Я разбивала лоб, я мучительно входила в труды вождя, в этот признанный гигант мысли, но ничего, решительно ничего не могла позаимствовать, ибо мой ум, оказывается, был далеко не послушен и не устремлялся за умами авторитетными, но не только сомневался, но отвергал с позиции своих наработанных и природных принципов и установок. Ленин – не выручил меня, как и Карл Маркс, как и труды многих философов. Ничьи крылатые высказывания, мысли, опыт не могли прижиться, усвоиться, взяться за основу. Мир никак не собирался упрощаться до уровня моего ума и подавать свою истину через умы другие. Я никуда не могла сдвинуться с трех незыблемых китов, которые, отметя все остальное, так и остались единственной моей мерой – это нравственность, любовь к людям и добросовестный труд. На этом я стояла сама и через это и к этому устремляла своих героев. Такова была моя суть, Богом данная. На самом деле, -достаточно бедный мой скарб, на котором далеко в понимании жизни и своего места в ней не уедешь.
Но все же, эта основа была обещающая, умиротворяющая, радостная и окрыляющая, дающая правильное направление мысли и деяний. Человеческое общение могло привнести в меня очень большую радость и неизмеримое страдание, ибо пустота слов часто перевешивалась многими видами человеческой нечистоплотности. И все же, много раз битая людьми, я доброе слово ценила и в великом внутреннем блаженстве и с благодарностью принимала его. Стоило человеку сделать милость и заговорить со мной – и все мое сердце принадлежало ему. Я теряла гнев, раздражительность, я была просто благодарна. Но вопросы нравственности здесь свое никак не теряли, ибо с этой любовью уживалась и строгость, и принципиальность, а ум почему-то всегда давал мне хорошую речь, защищающую мои основы.

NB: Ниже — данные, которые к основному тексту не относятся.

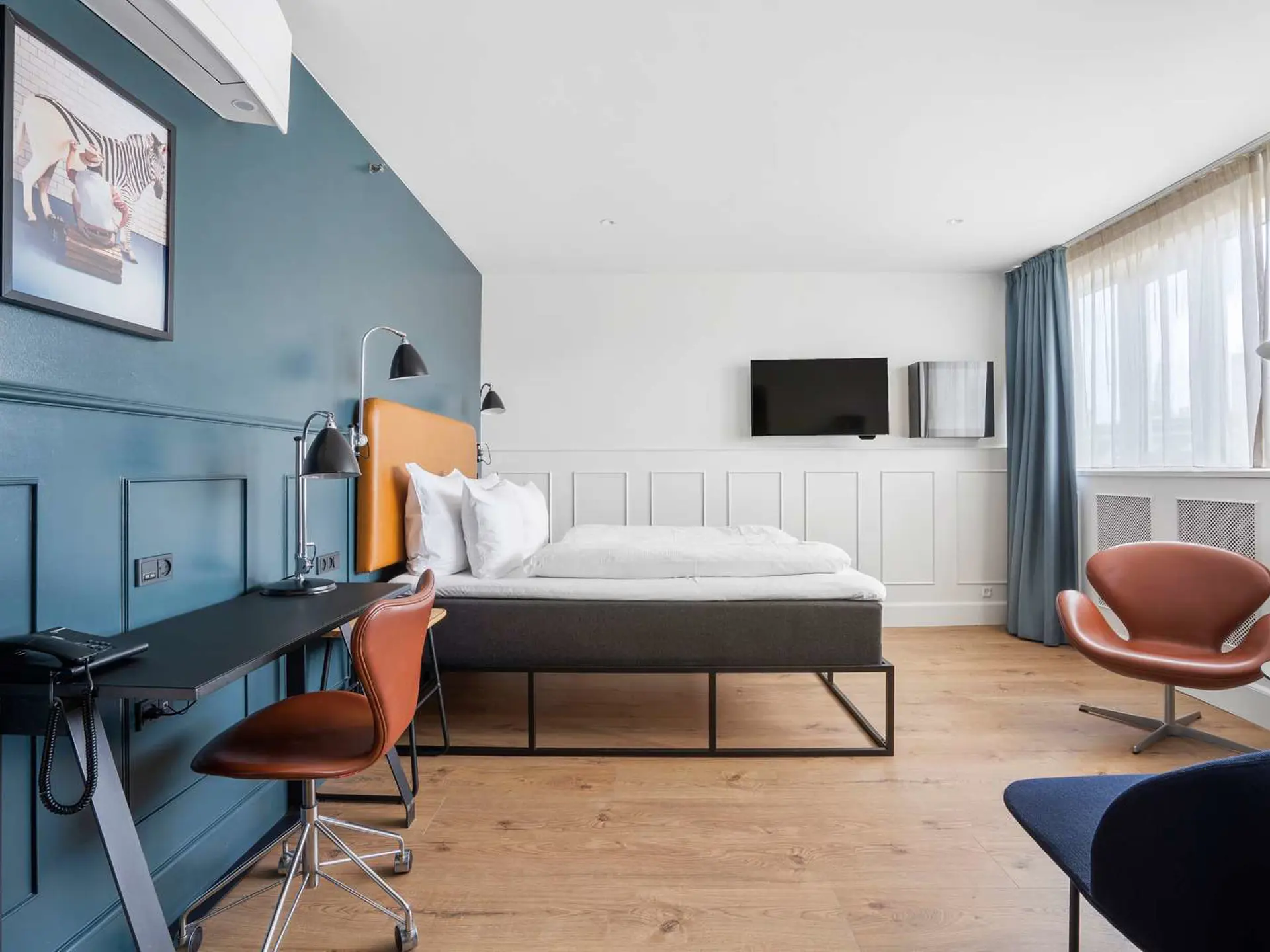 The hotel you will find newly renovated rooms, with classic Danish designs. The hotel is located in the cultural center of Copenhagen, with the Royal Theatre, the Opera and Nyhavn nearby.

По сути, я была несобранным целым, неразвитым, посшибавшим жизненные верхушки едва, от чего можно было бы много раз сокрушаться, бичевать себя и паниковать, если бы я могла хоть на миг осознать это свое истинное положение. Пожалуй, при такой великой недоработке себя, в таком неутешительном полуфабрикате я предстала пред вратами школы, буквально была прижата к этим вратам судьбой так, что и сделать шаг в сторону решительно не могла, ибо разум рисовал свои нескончаемые плюсы, суть моя рвалась хоть в чем-то выразиться, нравственность – получать деньги за труд немалый, а на ясный ум мне там точно нечего было делать в своей раздробленности и полнейшей неготовности во всех направлениях.
В школу надо идти с миром в себе, осознавая себя, пусть даже в иллюзии, цельной натурой, без лишних устремлений и особых философий, дабы не ломать другие слабые и зависимые от тебя умы, твердо стоя на материальной платформе и никак не держать в уме высоты запредельные, не имеющие к школе никакого отношения.
Нужно быть, по крайней мере, земным человеком, чтобы отдавать земное. И все же Бог привел меня всего лишь к подножию того, что было моей долгой и неисчерпаемой мечтой, к всего лишь подножию наук, к началу всех начал... Вообще, странно. Я мечтала, изнутри получала великие посылы к великому научному труду, ибо насладилась этим нектаром уже со школьной скамьи, изобретая формулы собственного производства и не зная альтернативы великой внутренней работы поиска, буквально счастья от внутреннего напряжения и логики, и торжества удач и неудач… Но и, с другой стороны, потерпев великое фиаско, когда неведомая сила буквально оттащила меня от этого рая точных наук и заставила познавать жизнь, колеся по стране и постигая другие истины через свое собственное тело, ум и разум, где этим формулам или самозабвенному интеллектуальному труду не оставалось места никак, я оказалась снова там, с чего начинала…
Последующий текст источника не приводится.